[Beowulf] Performance characterising a HPC application

Fri Mar 23 16:16:17 PDT 2007

On Fri, 23 Mar 2007, Gilad Shainer wrote:

> Are you selling Myricom HW or Qlogic HW? 

Based on what I know, I think it's perfectly reasonable for Patrick
to expect that a messaging technology can outdo the other for reasons
other than higher signaling rates.

> In general, application performance depends on the interconnect
> architecture and not only on pure latency or pure bandwidth.
> Qlogic till recently (*) had the lowest latency number but when it
> comes to application, the CPU overhead is too high. Check some

High cpu overhead, as opposed to expected less overheads from
offloading, is a very crude characterisation of interconnect
performance.  Plus, if I remember correctly, this is not true for
many important message sizes and communication patterns.
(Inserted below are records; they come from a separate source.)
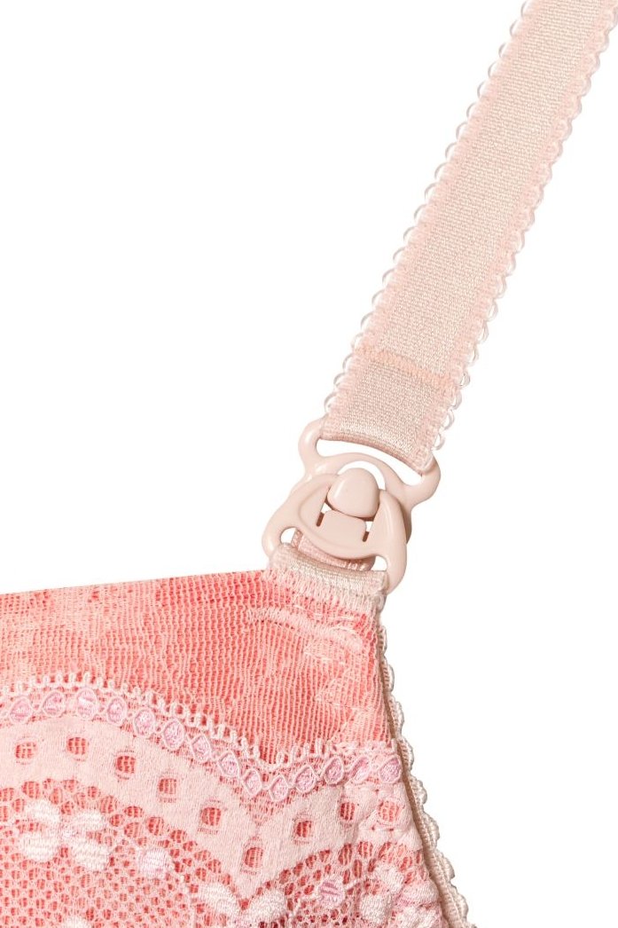 Vystužený model dojčiacej podprsenky vytvorený s láskou pre všetky mamičky, ktoré si chcú dopriať pohodlie a eleganciu aj počas dojčenia. Košíčky z jemnej peny sú potiahnuté jemným tylom a čipkou, čo dodáva podprsenke ľahký a ženský vzhľad. Vďaka praktickému systému KLIK je možné košíček ľahko odopnúť jednou rukou, čo uľahčuje dojčenie dieťaťa. Kostice aj bočné výstuhy poskytujú potrebnú oporu a pomáhajú udržať tvar pŕs, zatiaľ čo široké nastaviteľné ramienka zaručujú pohodlie po celý deň. Elegantný detail v podobe mašličky medzi košíčkami a kvalitné materiály robia z tejto podprsenky ideálnu voľbu pre ženy, ktoré chcú spojiť funkčnosť, komfort a jemnú ženskosť.
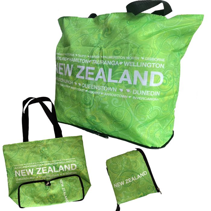 This colourful shopping bag folds up to 1/6 of the size and zips closed. Great for kiwis and also as a New Zealand souvenir. Made from heavy duty material, yet lightweight and compact for convenience. Open size 445 x 340 mm with a gusset with of 140 mm. Inner of 5.
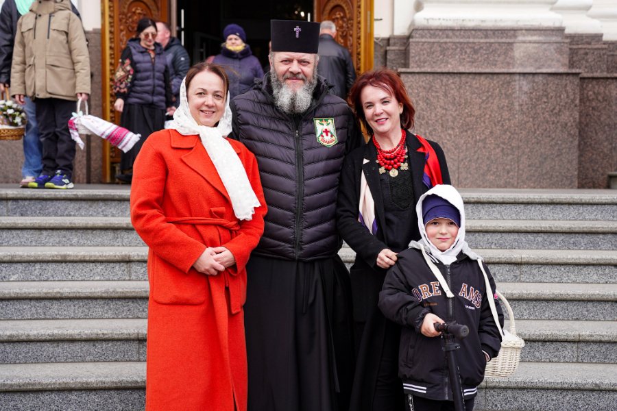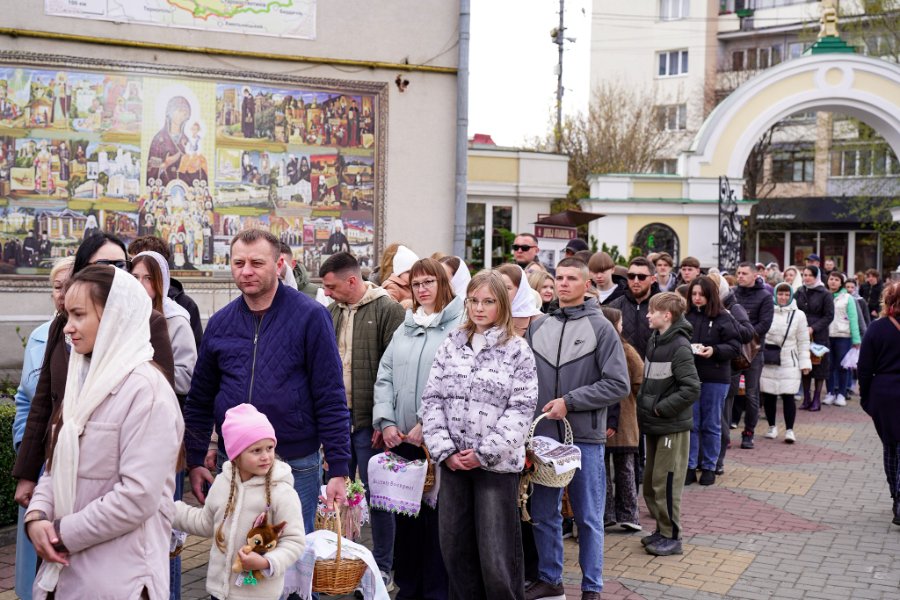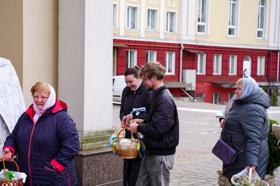 Біля храму можна було побачити найрізноманітніші великодні кошики. Одні — невеликі й скромні, інші — щедро наповнені та прикрашені вишитими рушниками, стрічками й квітами. У кошиках — паски, писанки, ковбаса, сир, масло, хрін та інші традиційні страви.

Offload, usually implemented by RDMA offload, or the ability for a
NIC to autonomously send and/or receive data from/to memory is
certainly a nice feature to tout.  If one considers RDMA at an
interface level (without looking at the registration calls required
on some interconnects), it's the purest and most flexible form of
interconnect data transfer.  Unfortunately, this pure form of data
transfer has a few caveats...

How the programming model can match up with the semantics of RDMA is
the real question.  A quick sampling suggests that global-address
space languages fit squarely on top of RDMA, whereas MPI-2 almost
does if less of its windowing complexity is considered.  MPI-1, the
most popular model out there, has the least in common with RDMA
offload.  Under its simplest form in MPI implementations, RDMA can be
used for half of the communication protocol involved in large
messages.  In its complex form, it can be used to handle small to
medium-sized messages as shown by a few openib/iwarp MPI
implementations (although these implementations really implement a
complex assortment of hybrid RDMA and non-RDMA mechanisms to provide
scalable performance).

RDMA offload, depending on the complexity of its implementation, can
buy you little to lots of communication offload (or "total"
communication offload in Quadrics' case).  But RDMA implementations
aside, you can only offload what the programming model *and* the
programmer will let you.  Programmers must understand data
dependencies in their codes and know where and how to separate
communication initiation and completion points.  Even well
intentioned programmers can fail to expose their apps for
communication offload -- complex legacy apps can be intimidating to
modify, some apps may have strong data dependencies and others may be
dominated by collectives which are themselves indivisible (i.e.
blocking).  And finally, a programmer who can successfully overcome
over all these hurdles cannot expect to be provided with an equal
level of overlap on all interconnects.

There's a good reason that many programmers continue to find refuge
in simple offload-less primitives like Send/Recv: the expectation
that its in the interest of every MPI and interconnect vendor to
provide the best Send/Recv possible.

Many competent programmers will reap definite benefits from highly
specialized implementations of RDMA offload.  But then again, these
programmers will also know how to analyse their applications and may
come to completely different conclusions.  For example, they may come
to realise that most of their codes cannot fully benefit from offload
and that the interconnect that spends the least time in specific MPI
primitives is the best choice -- hardware-assisted operations,
pt-to-pt midsize message performance or consistent cluster-wide
message latency, etc.  Understanding the expected performance of
specific communication primitives is an application-centric view of
performance evaluation.  Assuming that more cores necessarily require
fatter pipes, pt-to-pt latency measurements, signaling rates,
messaging rates, etc. are all microbenchmark-centric view of
interconnect evaluation.  Picking on the latter is just too
simplistic and rarely translates into a general and verifiable view
of the world, but it's good fodder for oneupmanship and insipid (but
entertaining) inter-vendor bickering.

RDMA offload is attractive for many other reasons  but in the context
of today's most popular programming model it isn't as vital as one
would like. It's reasonable conventional wisdom that offload is a
desirable feature, but the way programming models have been moving
(i.e. not moving), interconnects that do not offer elaborate
communication offload mechanisms are not at a loss, far from it.
Efficiently exploiting a low-level RDMA engine for the purposes of
message passing would mean enabling its pure data transfer capability
to percolate through the many levels of software stack and
programming model semantics mostly unscathed.  This is an unrealistic
expectation.

I've yet to see a significant number of message-passing applications
show that an RDMA offload engine, as opposed to any other messaging
engine, is a stronger performance determinant.  That's probably
because there are other equally important and desirable features
implemented in other messaging engines.

cheers,

    . . christian

-- 
christian.bell at qlogic.com
(QLogic SIG, formerly Pathscale)